Start of Block

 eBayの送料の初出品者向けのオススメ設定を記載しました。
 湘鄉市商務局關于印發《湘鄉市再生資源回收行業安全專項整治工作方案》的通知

End of Block
Start of Block

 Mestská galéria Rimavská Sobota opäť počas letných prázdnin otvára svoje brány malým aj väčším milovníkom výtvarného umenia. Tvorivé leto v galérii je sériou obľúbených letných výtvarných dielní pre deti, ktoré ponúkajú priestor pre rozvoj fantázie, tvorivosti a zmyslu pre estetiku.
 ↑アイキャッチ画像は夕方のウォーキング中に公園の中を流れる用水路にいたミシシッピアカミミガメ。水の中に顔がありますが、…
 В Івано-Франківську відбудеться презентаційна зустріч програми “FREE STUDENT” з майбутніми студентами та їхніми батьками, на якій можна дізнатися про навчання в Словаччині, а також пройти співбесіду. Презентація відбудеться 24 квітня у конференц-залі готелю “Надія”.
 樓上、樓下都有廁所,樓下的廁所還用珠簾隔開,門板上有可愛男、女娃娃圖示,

End of Block

The problem ::
Please output the lines of the listing above that fall in the stretch from the one with "eBayの送料の初出品者向けのオススメ設定を記載しました。" through the one with "湘鄉市商務局關于印發《湘鄉市再生資源回收行業安全專項整治工作方案》的通知", exactly and only those.

Response to this exercise ::
 eBayの送料の初出品者向けのオススメ設定を記載しました。
 湘鄉市商務局關于印發《湘鄉市再生資源回收行業安全專項整治工作方案》的通知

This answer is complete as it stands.